_DATASET RECORDS:_
☆ ☆ ☆ ☆ ☆ ☆ ☆

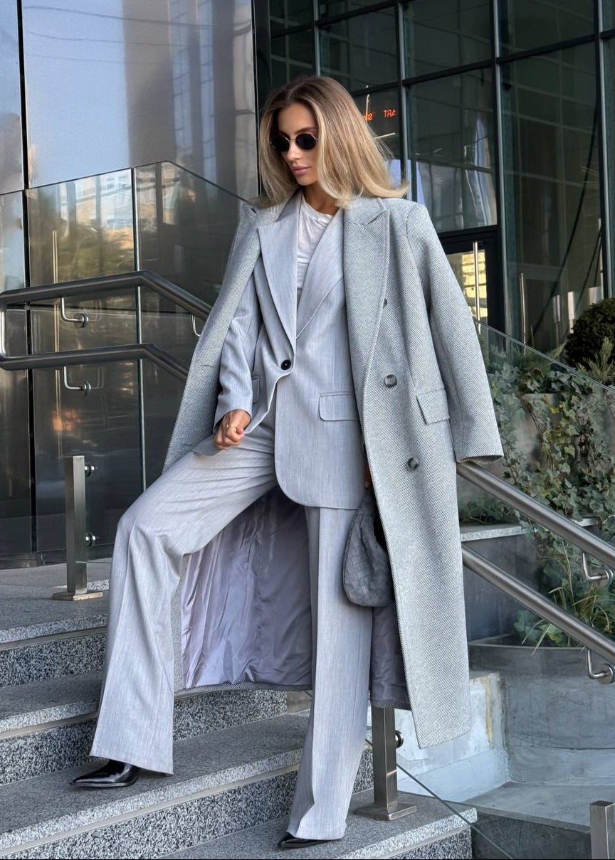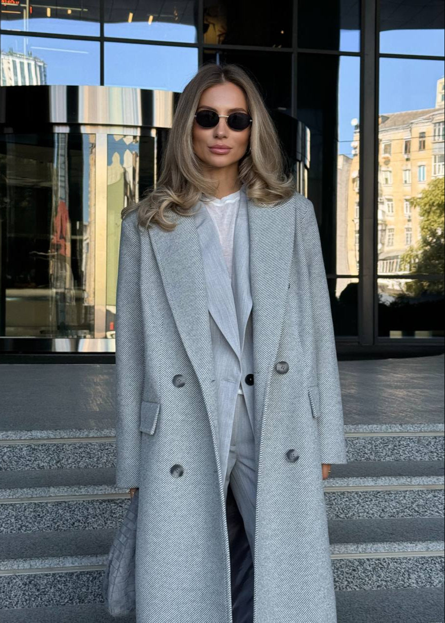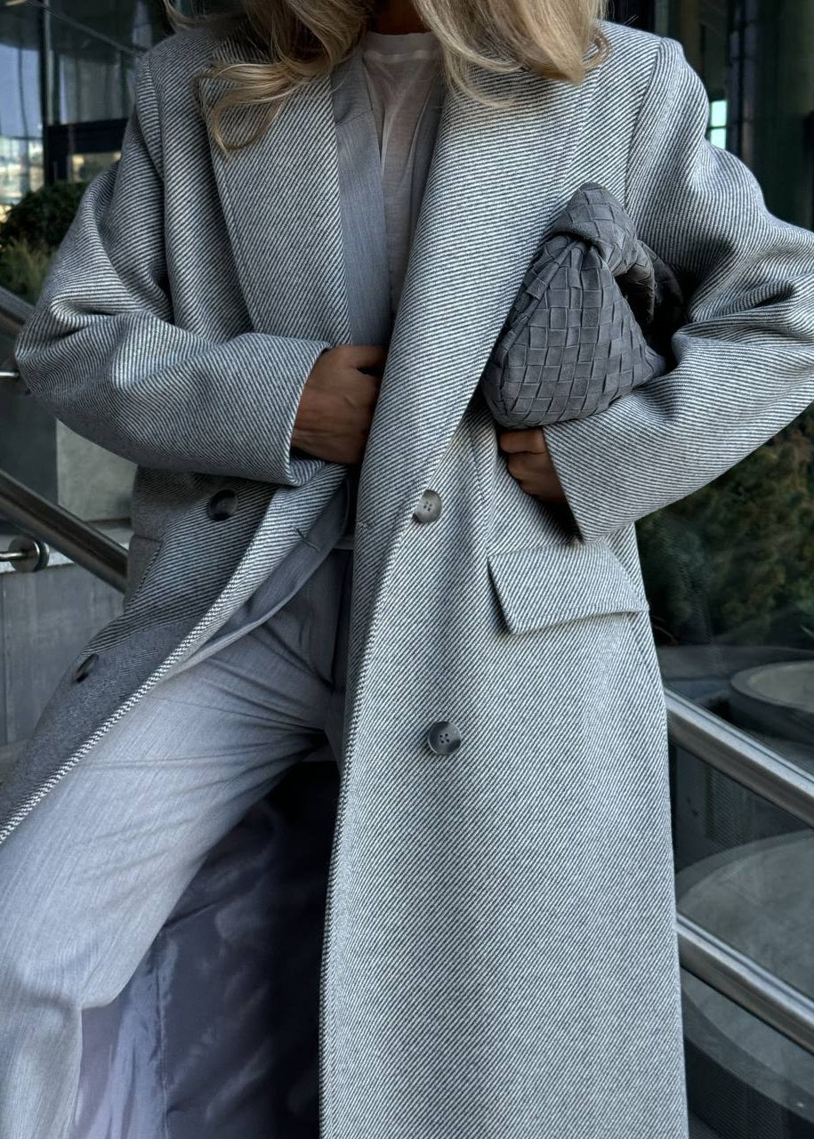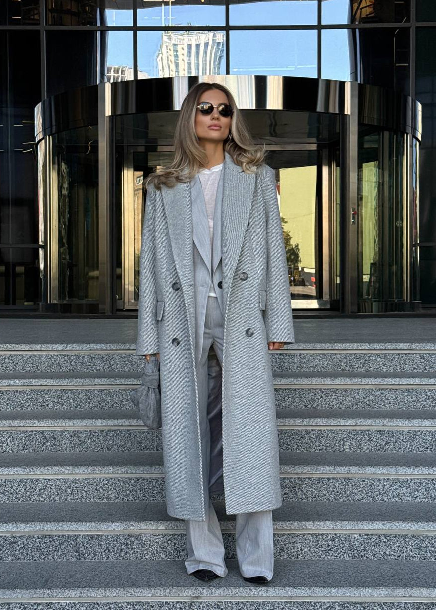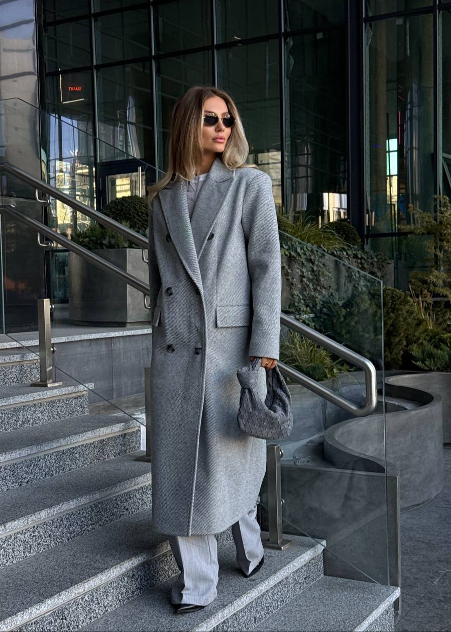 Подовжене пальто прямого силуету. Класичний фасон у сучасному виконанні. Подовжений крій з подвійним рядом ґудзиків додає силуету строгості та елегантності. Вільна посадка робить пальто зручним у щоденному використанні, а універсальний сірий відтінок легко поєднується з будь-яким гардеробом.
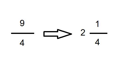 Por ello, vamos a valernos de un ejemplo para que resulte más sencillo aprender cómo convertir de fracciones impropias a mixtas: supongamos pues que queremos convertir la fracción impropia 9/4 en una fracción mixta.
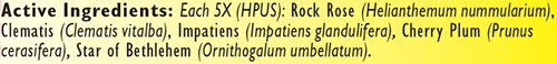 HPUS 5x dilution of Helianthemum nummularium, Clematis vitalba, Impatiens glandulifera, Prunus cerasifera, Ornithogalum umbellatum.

☆ ☆ ☆ ☆ ☆ ☆ ☆

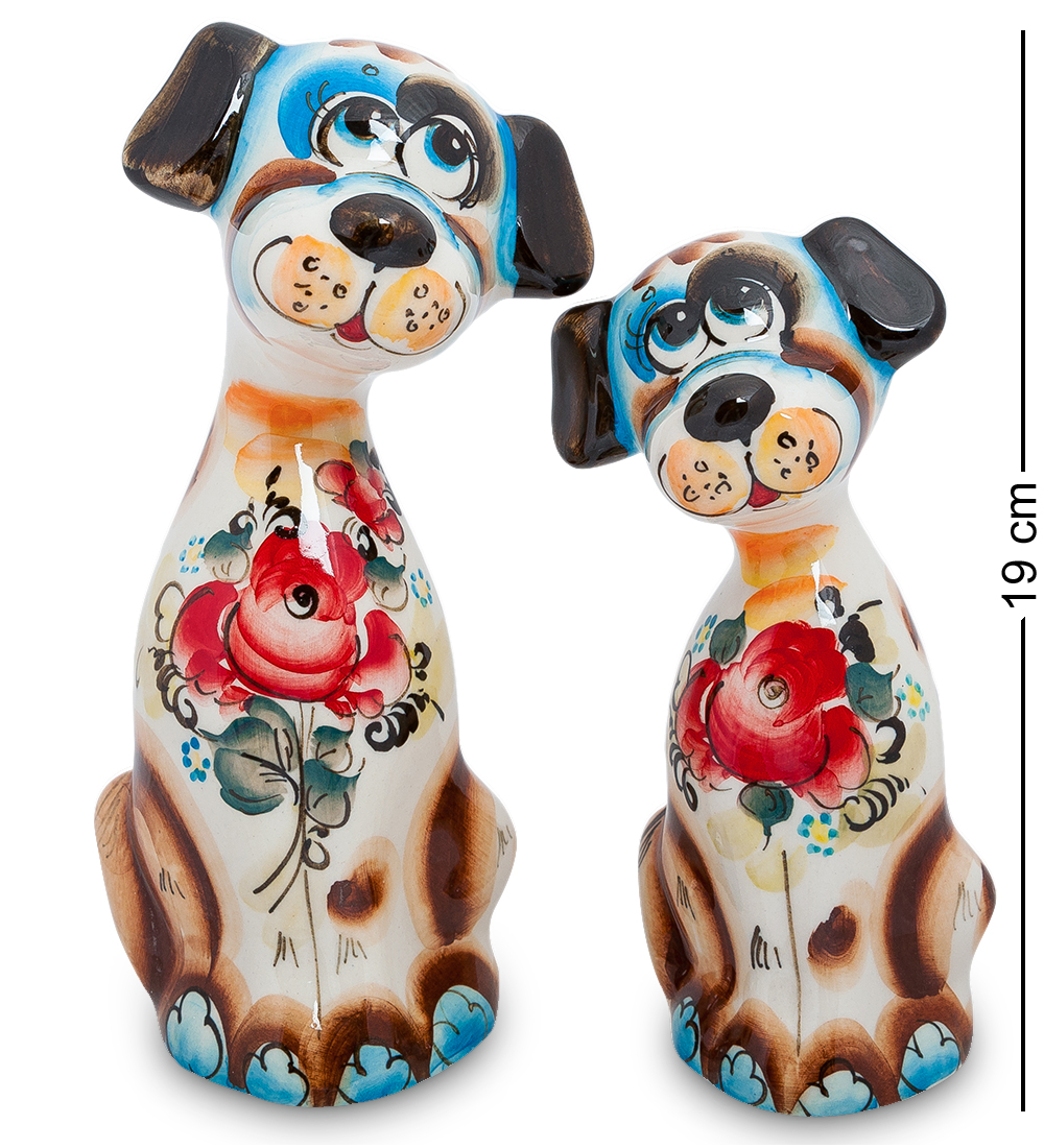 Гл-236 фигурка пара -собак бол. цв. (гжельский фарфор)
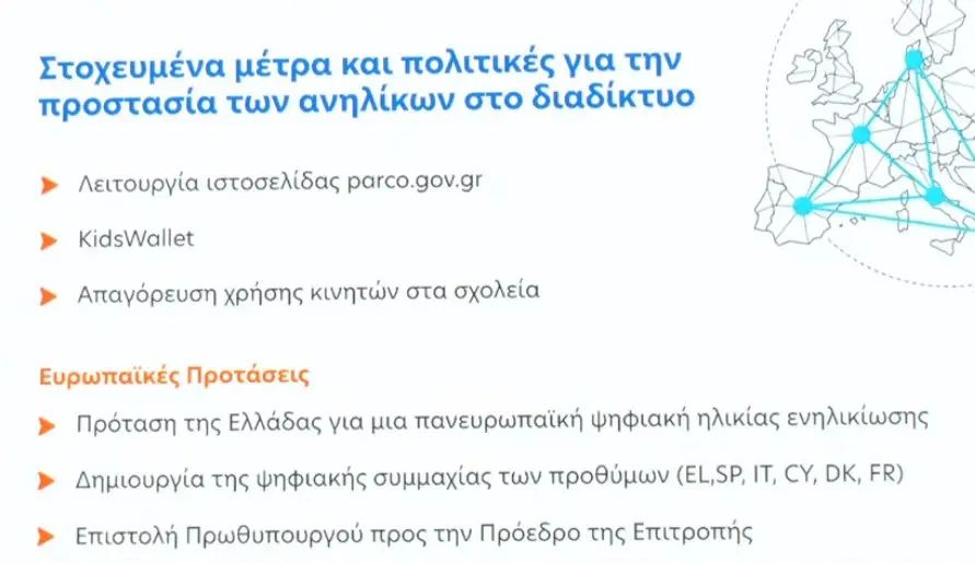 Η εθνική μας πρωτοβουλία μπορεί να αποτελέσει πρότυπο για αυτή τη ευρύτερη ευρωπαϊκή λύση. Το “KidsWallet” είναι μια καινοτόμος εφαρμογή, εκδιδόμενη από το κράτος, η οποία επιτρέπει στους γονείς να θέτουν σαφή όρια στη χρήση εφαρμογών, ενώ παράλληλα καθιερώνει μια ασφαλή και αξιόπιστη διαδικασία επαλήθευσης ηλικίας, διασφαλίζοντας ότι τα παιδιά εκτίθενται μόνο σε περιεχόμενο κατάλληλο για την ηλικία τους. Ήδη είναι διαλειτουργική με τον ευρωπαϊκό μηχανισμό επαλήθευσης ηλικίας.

☆ ☆ ☆ ☆ ☆ ☆ ☆

_GOAL OF THE EXERCISE:_ In the listing above, find the line with "Подовжене пальто прямого" and the line with "HPUS 5x dilution". Copy exactly those lines and all between them, minus the images.

_RESPONSE BELOW:_
 Подовжене пальто прямого силуету. Класичний фасон у сучасному виконанні. Подовжений крій з подвійним рядом ґудзиків додає силуету строгості та елегантності. Вільна посадка робить пальто зручним у щоденному використанні, а універсальний сірий відтінок легко поєднується з будь-яким гардеробом.
 Por ello, vamos a valernos de un ejemplo para que resulte más sencillo aprender cómo convertir de fracciones impropias a mixtas: supongamos pues que queremos convertir la fracción impropia 9/4 en una fracción mixta.
 HPUS 5x dilution of Helianthemum nummularium, Clematis vitalba, Impatiens glandulifera, Prunus cerasifera, Ornithogalum umbellatum.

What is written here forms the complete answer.